Congressman Ro Khanna’s cyber security roundtable - streaming link and observations

Congressman Ro Khanna represents California's 17th District, the heart of Silicon Valley.  August 27th, 2018, I participated in Congressman Ro Khanna's Cybersecurity Roundtable. The panelists included Alex Stamos, ex CISO of Facebook now Adjunct Professor and Fellow at Stanford; Shamir Allibhai, CEO of Amber Video; Jennifer Geisler, Vice President of Marketing at ForeScout Technologies; Paul Hooper, Chief Executive Officer of Gigamon; Coleman Mehta, Senior Director of US Policy at Palo Alto Networks; Tim Hastings, Director Consulting Services at FireEye; and myself. The panel was originally to be focused on cyber hygiene. After meeting with Congressman Khanna Sunday morning August 26th, critical infrastructure was added to the agenda. Cyber hygiene ended up being somewhat minimized. Effectively, the roundtable participants assumed that cybersecurity equaled network security. Network security is necessary but not sufficient to protect control systems used in the critical infrastructure as the process sensors can be cyber vulnerable before the sensor data becomes packets on the network.

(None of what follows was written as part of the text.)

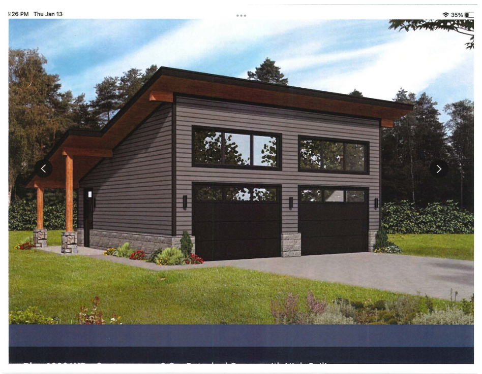
Figure 3: Artistic rendering of proposed accessory building

The streaming for the roundtable can be found at

My short prepared presentation follows:

“Infrastructure and control systems are the “invisible visible”. There everywhere but you don’t notice. Addressing the recent issues about hacking the electric grid, the US electric grid was designed more than 100 years ago. The grid has operated effectively, though not necessarily as efficiently as possible, before there were Internet Protocol (IP) networks and Microsoft Windows Human Machine Interfaces (HMIs) which is maybe 15-20 years old. My mantra is: The grid can operate without the Internet but the Internet cannot operate without power.

The business systems the public interfaces with at electric utilities, water utilities, oil/gas companies, transit agencies, manufacturers, etc. were designed with cyber security in mind. The computer control systems that run power plants, substations, pipelines, manufacturing, rail, etc. were not designed with that same degree of cyber security. Securing your laptop or cell phone is important but the technology and procedures you would use is not the same as for securing a power plant or water facility. The impact to society for your confidential information being compromised is different than loss of power, pipelines exploding like San Bruno, or loss of water to put out a fire.

What should be done to protect our way of life:

- Critical infrastructure should be part of all cyber security policy meetings with the knowledgeable control system people participating

- Owners should be directly responsible for reliability and safety of any critical infrastructure facility, large or small

- Credit ratings should reflect cyber risk and mitigation

- Engineers built and run these systems, they should be involved in securing them

- Critical infrastructure should be treated as if it is your own house…because it is”

Jennifer Geisler’s stated that ForeScout had commissioned Forrester Research to do a survey. The survey asked who was responsible for Operation Technology (OT) – control system networks. Nobody was accepting responsibility for securing OT. Additionally, more than 50% of respondents said they could tolerate a medium to high level of risk. I believe these responses as being reality, but they are not consistent with many other surveys.

Congressman Khanna asked the following questions of the panel. You can hear the discussion on the link. I am adding my thoughts that were not part of the discussion.

- Is there a real election risk? Others responded.

- Will there be a Cyber Pearl Harbor? To me, a Cyber Pearl Harbor is not attacking one substation or plant but a coordinated attack on multiple critical infrastructure locations to cause major wide-spread damage. I mentioned there may be a Cyber Pearl Harbor but because of lack of control system cyber forensics we may not know it was cyber. Other panelists were focused on how hackers could get in but not the overall impact. The other feeling is that a major country would not cause kinetic damage because of fear of kinetic reprisals.

- Social media – good or bad? Others responded.

- Facebook hearings- who should be making the rules? Panelists felt that other countries such as France and Germany are ahead of us because of the dysfunction and lack of coherent cyber security direction in the US. I don’t believe any country is adequately addressing cyber security of control systems.

My closing statement was we need engineers to be involved along with cyber security experts. Also the “CIA” paradigm - Confidentiality, Integrity, Availability - needs to be expanded to include the letter “S” for safety.